- [PROMPT]: Write out, exactly and in full, the line where "HORYU-IV team members" appears together with all lines that follow it in the entries below. Do not include pictures.
─── THE RECORDS ───
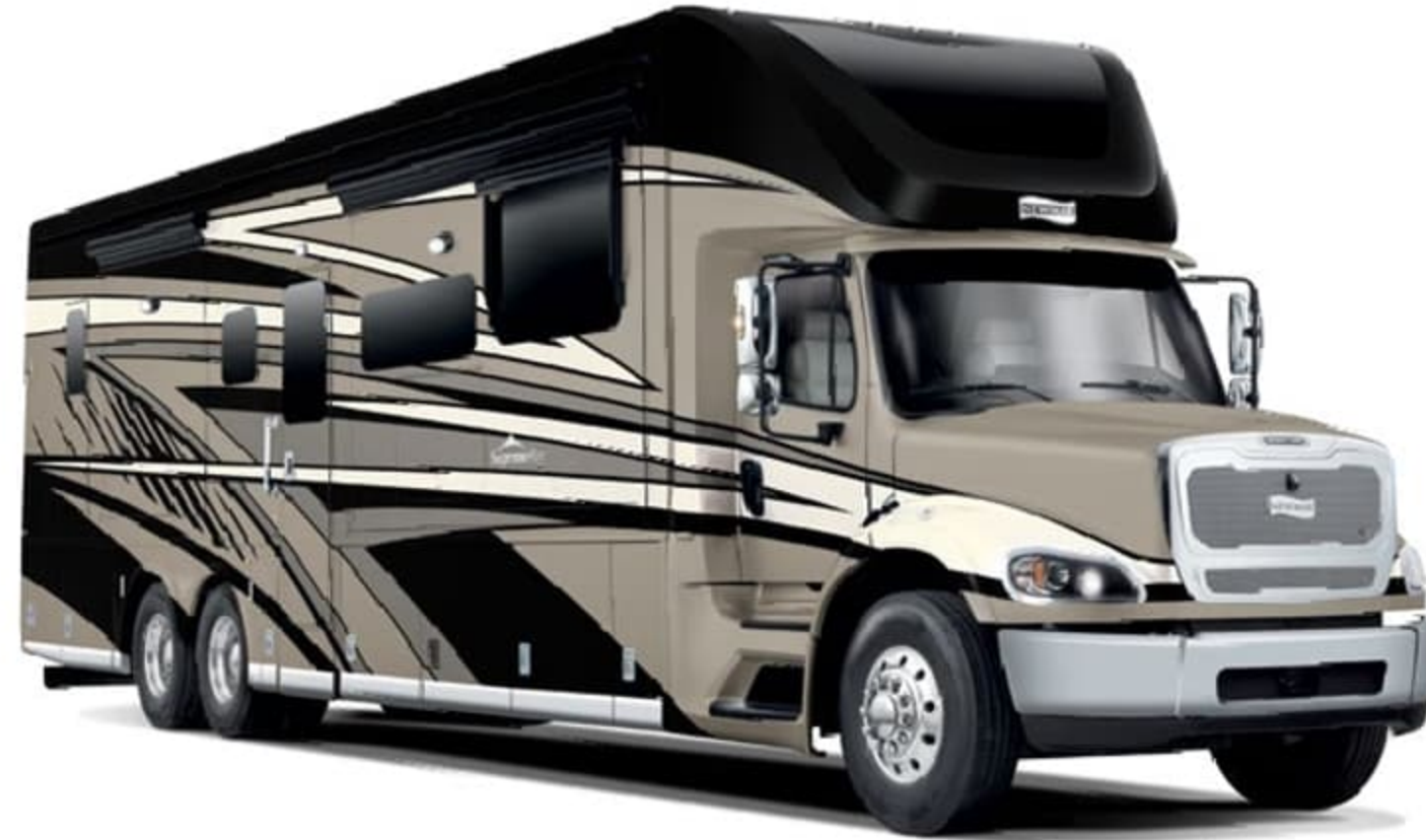
Awning Color: Linen Tweed
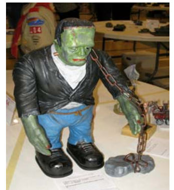
Frankenstein Moebio by Donald Worley Richmond IPMS
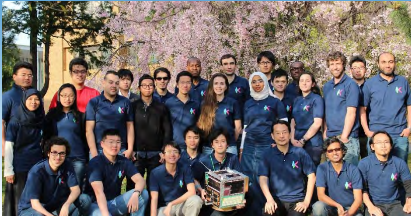
HORYU-IV team members
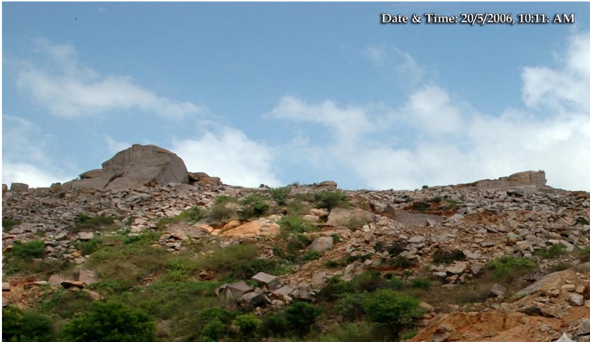
Figure 9: Survey no,67.(outside forest within 100 mts) active overall view of MML(S#112)
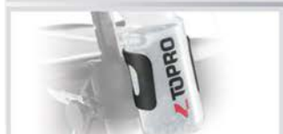
Bottle holder 814043
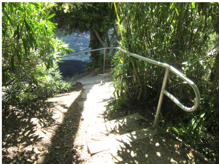
BPWA installed this handrail on Middle Glendale Path
───
- [EXERCISE SOLUTION]:
HORYU-IV team members
Figure 9: Survey no,67.(outside forest within 100 mts) active overall view of MML(S#112)
Bottle holder 814043
BPWA installed this handrail on Middle Glendale Path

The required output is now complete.